*ACTIVITY*. Word for word, copy the entire listing below, but do not carry over any pictures.

*RECORDED INFORMATION*.
□ □ □ □ □
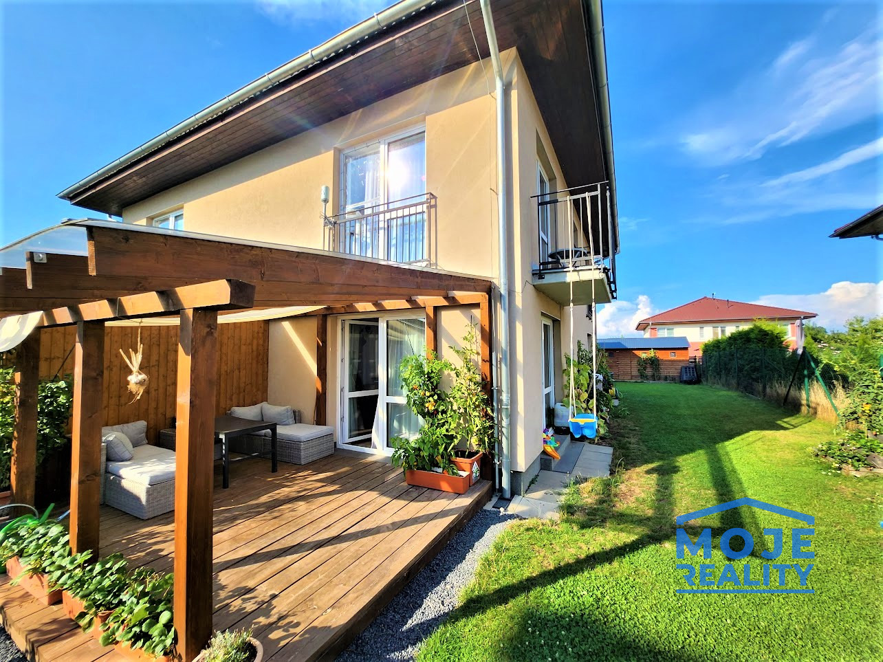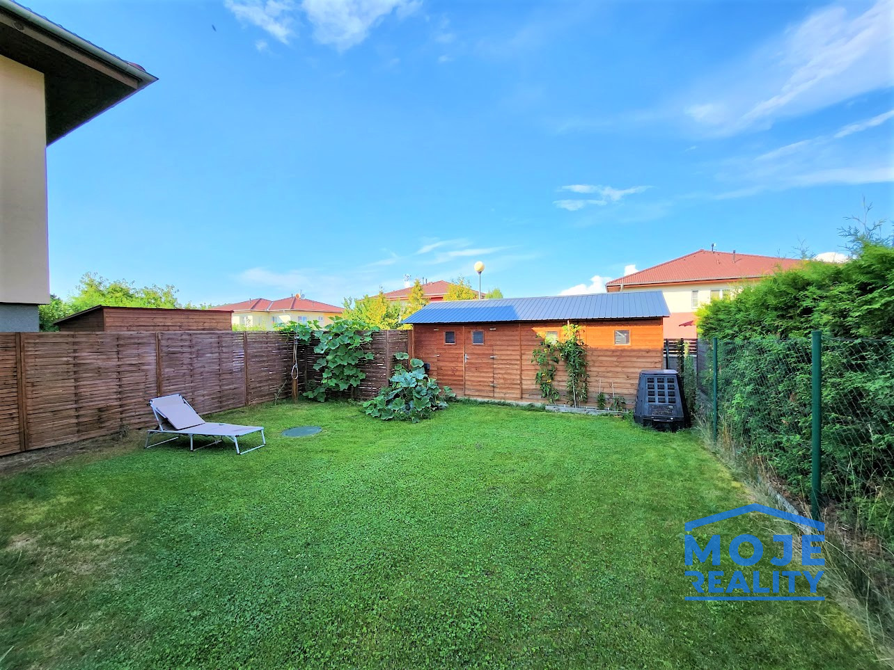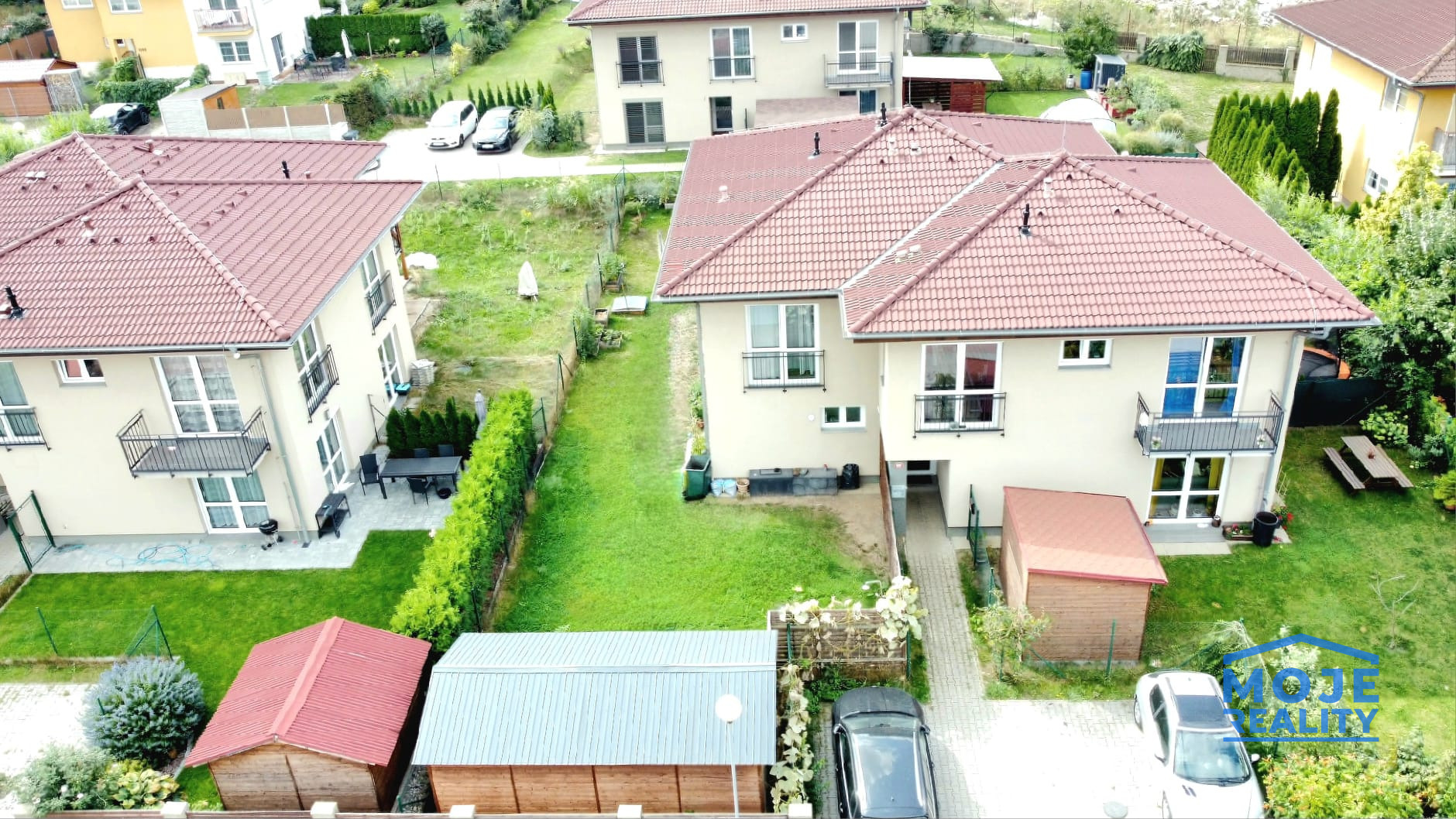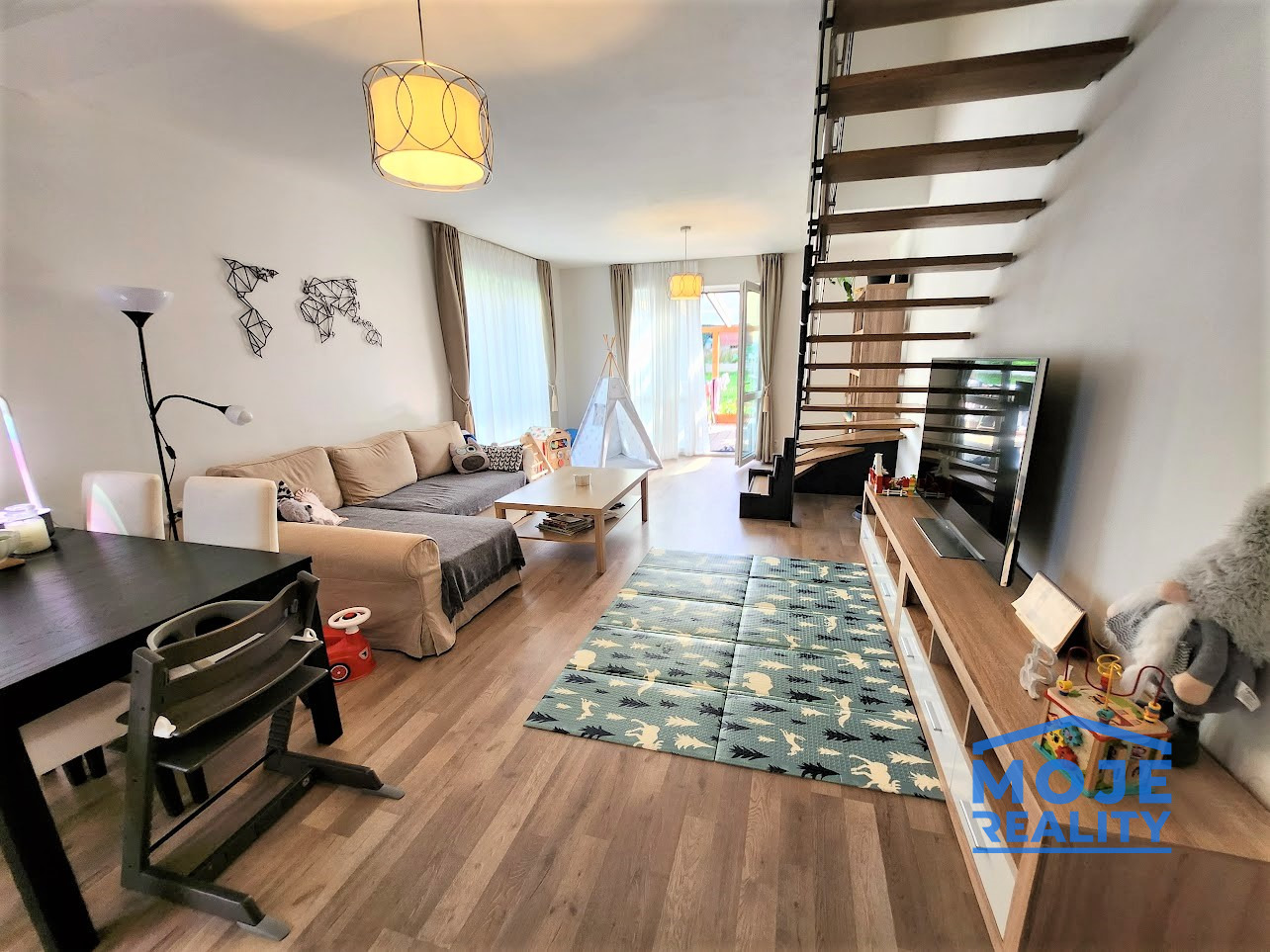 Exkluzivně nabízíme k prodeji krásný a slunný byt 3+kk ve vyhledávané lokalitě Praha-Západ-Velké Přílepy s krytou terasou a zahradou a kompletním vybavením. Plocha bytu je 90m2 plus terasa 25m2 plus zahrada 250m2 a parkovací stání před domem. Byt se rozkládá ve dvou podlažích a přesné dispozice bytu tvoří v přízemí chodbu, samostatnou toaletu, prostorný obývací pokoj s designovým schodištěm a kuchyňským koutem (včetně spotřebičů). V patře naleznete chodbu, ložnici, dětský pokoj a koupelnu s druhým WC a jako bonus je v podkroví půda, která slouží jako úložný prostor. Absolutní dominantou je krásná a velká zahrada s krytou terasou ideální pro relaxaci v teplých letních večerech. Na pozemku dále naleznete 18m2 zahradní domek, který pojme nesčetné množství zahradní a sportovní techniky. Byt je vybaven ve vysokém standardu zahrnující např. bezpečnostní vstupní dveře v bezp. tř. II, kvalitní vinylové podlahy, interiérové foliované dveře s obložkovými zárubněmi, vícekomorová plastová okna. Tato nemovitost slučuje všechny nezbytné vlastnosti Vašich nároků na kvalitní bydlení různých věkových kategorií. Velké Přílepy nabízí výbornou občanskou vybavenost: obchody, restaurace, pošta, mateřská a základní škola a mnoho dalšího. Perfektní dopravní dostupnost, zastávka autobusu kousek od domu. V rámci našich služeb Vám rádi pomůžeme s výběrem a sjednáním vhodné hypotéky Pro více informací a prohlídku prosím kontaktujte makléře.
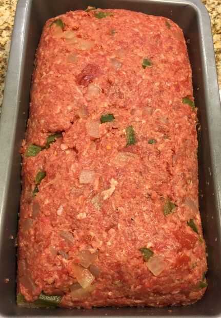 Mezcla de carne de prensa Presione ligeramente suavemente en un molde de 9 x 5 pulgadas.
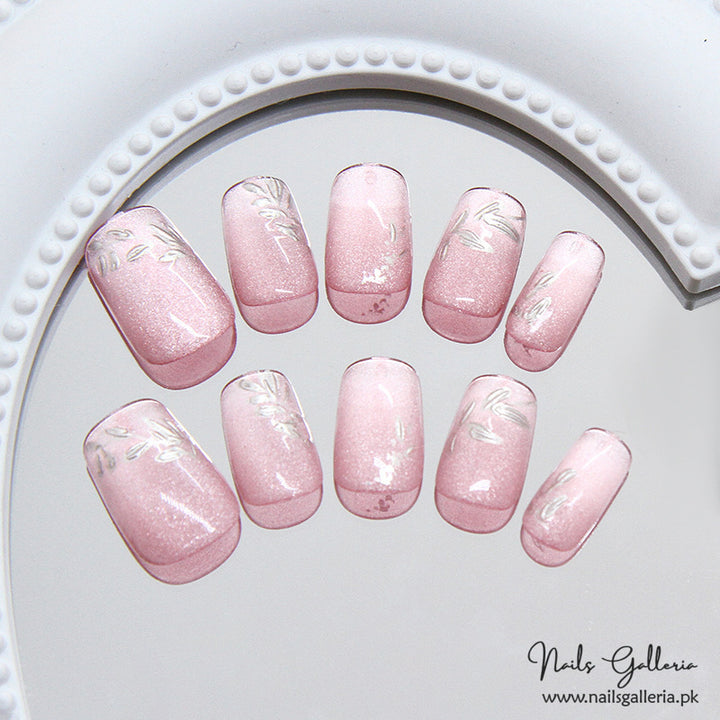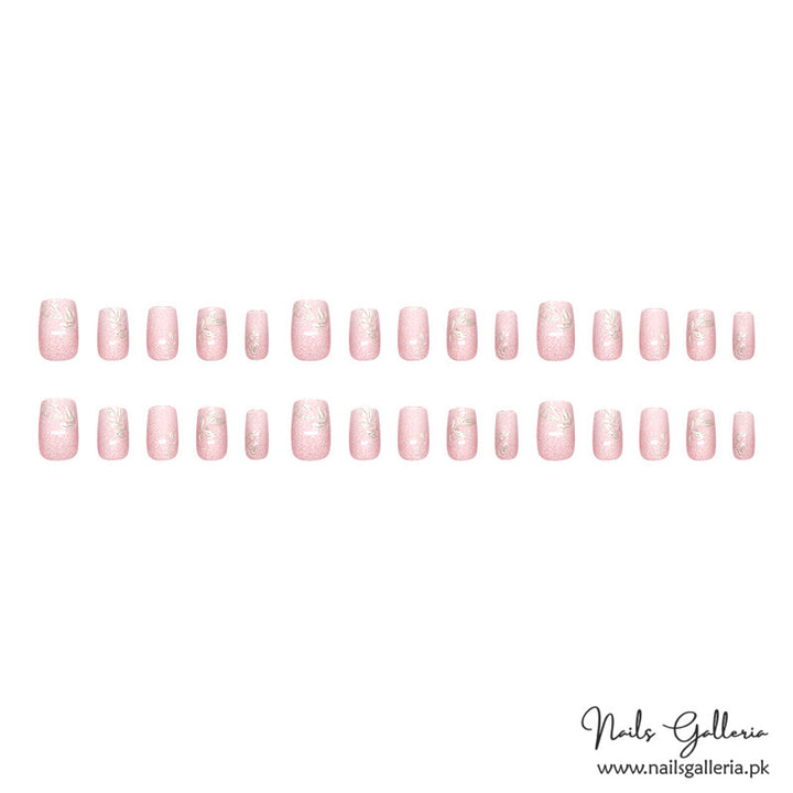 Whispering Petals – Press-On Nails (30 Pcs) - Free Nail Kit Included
□ □ □ □ □
*ANSWER BOX*.
 Exkluzivně nabízíme k prodeji krásný a slunný byt 3+kk ve vyhledávané lokalitě Praha-Západ-Velké Přílepy s krytou terasou a zahradou a kompletním vybavením. Plocha bytu je 90m2 plus terasa 25m2 plus zahrada 250m2 a parkovací stání před domem. Byt se rozkládá ve dvou podlažích a přesné dispozice bytu tvoří v přízemí chodbu, samostatnou toaletu, prostorný obývací pokoj s designovým schodištěm a kuchyňským koutem (včetně spotřebičů). V patře naleznete chodbu, ložnici, dětský pokoj a koupelnu s druhým WC a jako bonus je v podkroví půda, která slouží jako úložný prostor. Absolutní dominantou je krásná a velká zahrada s krytou terasou ideální pro relaxaci v teplých letních večerech. Na pozemku dále naleznete 18m2 zahradní domek, který pojme nesčetné množství zahradní a sportovní techniky. Byt je vybaven ve vysokém standardu zahrnující např. bezpečnostní vstupní dveře v bezp. tř. II, kvalitní vinylové podlahy, interiérové foliované dveře s obložkovými zárubněmi, vícekomorová plastová okna. Tato nemovitost slučuje všechny nezbytné vlastnosti Vašich nároků na kvalitní bydlení různých věkových kategorií. Velké Přílepy nabízí výbornou občanskou vybavenost: obchody, restaurace, pošta, mateřská a základní škola a mnoho dalšího. Perfektní dopravní dostupnost, zastávka autobusu kousek od domu. V rámci našich služeb Vám rádi pomůžeme s výběrem a sjednáním vhodné hypotéky Pro více informací a prohlídku prosím kontaktujte makléře.
 Mezcla de carne de prensa Presione ligeramente suavemente en un molde de 9 x 5 pulgadas.
 Whispering Petals – Press-On Nails (30 Pcs) - Free Nail Kit Included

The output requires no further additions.